The construction of the hospital took over 12 years to complete before its opening in 1889. The design of the hospital was led by Cabot and Chandler, a Boston-based architectural firm, with the original design focused on 17 hospital buildings around an open courtyard and red brick and glass imported from France. 

The now famous rotunda was present when the hospital opened, and — shortly after, in 1896 —William Wallace Spencer, a businessman in Baltimore, donated a 10.5-foot-tall Jesus Christ statue that remains in the hospital to this day. 

While the hospital was established as secular, University President Daniel Coit Gilman publicly requested the statue, which is speculated to have been intended to counteract criticism from conservative actors over the hospital’s lack of Christian affiliation.

Surgeon John Shaw Billings made efforts to enhance public health safety. Billings laid out the building with isolation wards behind one another instead of on top of each other to prevent air from rising. In the initial construction, there were no elevators, owing in part to Billings’ belief that elevators were dirty and would lead to contamination.

The medical curriculum developed at the hospital would be the basis for the Flexner Report in 1910, which reformed all medical schools in the United States. William Osler pioneered a new method of teaching medicine at Hopkins that included bedside teaching, where medical students in their third and fourth year would work alongside physicians in supervising and managing patients, a practice which thereafter become the standard.

In 1893, the Johns Hopkins Medical School opened on the same campus. Among the initial requirements for medical students were that they had to know French and German and have an undergraduate degree. Notably, Hopkins was the first medical school in the nation to admit women on the same basis as men. 

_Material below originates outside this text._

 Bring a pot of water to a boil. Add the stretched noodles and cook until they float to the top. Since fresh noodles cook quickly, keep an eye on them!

From the time it opened, the hospital was open to Black and White patients, although they did not permit non-White medical students or physicians until the second half of the 20th century. In addition, despite their admitting patients of color, the hospital was segregated by race, having White wards and “colored” wards until the 1950s

The hospital’s relationship with the surrounding community in East Baltimore has been historically tumultuous. In an interview with The News-Letter, Jeremy Greene, a professor of Medicine and the History of Medicine at Johns Hopkins Medicine described the hospital’s position.

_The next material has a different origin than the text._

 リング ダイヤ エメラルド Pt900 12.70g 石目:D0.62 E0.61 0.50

“There are folks living... in the immediate vicinity of the Johns Hopkins School of Medicine at Johns Hopkins Hospital who have had their lives transformed in positive ways by engagement with world-class clinical care that has made a huge difference in our lives,” he said. “But there are also many folks living in the vicinity of East Baltimore who have had their lives uprooted.” 

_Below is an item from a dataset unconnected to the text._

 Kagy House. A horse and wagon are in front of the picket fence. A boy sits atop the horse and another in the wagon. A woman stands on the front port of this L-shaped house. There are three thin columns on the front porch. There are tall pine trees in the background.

Greene described how during the tuberculosis epidemic in the 1900s, the hospital’s engagement with the community resulted in the disproportionate displacement of Black residents. 

“As Hopkins physicians studied tuberculosis and moved out in public health squadrons to map tuberculosis through the city, they were focusing on historically Black neighborhoods, like one neighborhood on the west side of Baltimore that got famously categorized as the lung block,” he said. “The study of these high rates of tuberculosis in this community then justified basically razing the neighborhood and displacing the Black residents elsewhere.”

In recent years, the University has participated in the East Baltimore Development Initiative (EBDI), an effort to expand the medical campus into a biotech hub for Hopkins affiliates. EBDI has faced criticism for its displacement of Black residents in the Middle East neighborhood. 

Today, the hospital campus has expanded to cover 22 acres, with only three of the historical buildings still standing: the domed administrative building with the rotunda, the Brady Urological Institute and the Wilmer Eye Institute. 

Johns Hopkins Medicine ranks consistently as one of the best hospitals in the nation in multiple specialties. Greene acknowledged this legacy.

“Johns Hopkins Hospital and Johns Hopkins School of Medicine are perhaps some of the most mythologized institutions in American biomedicine,” he said.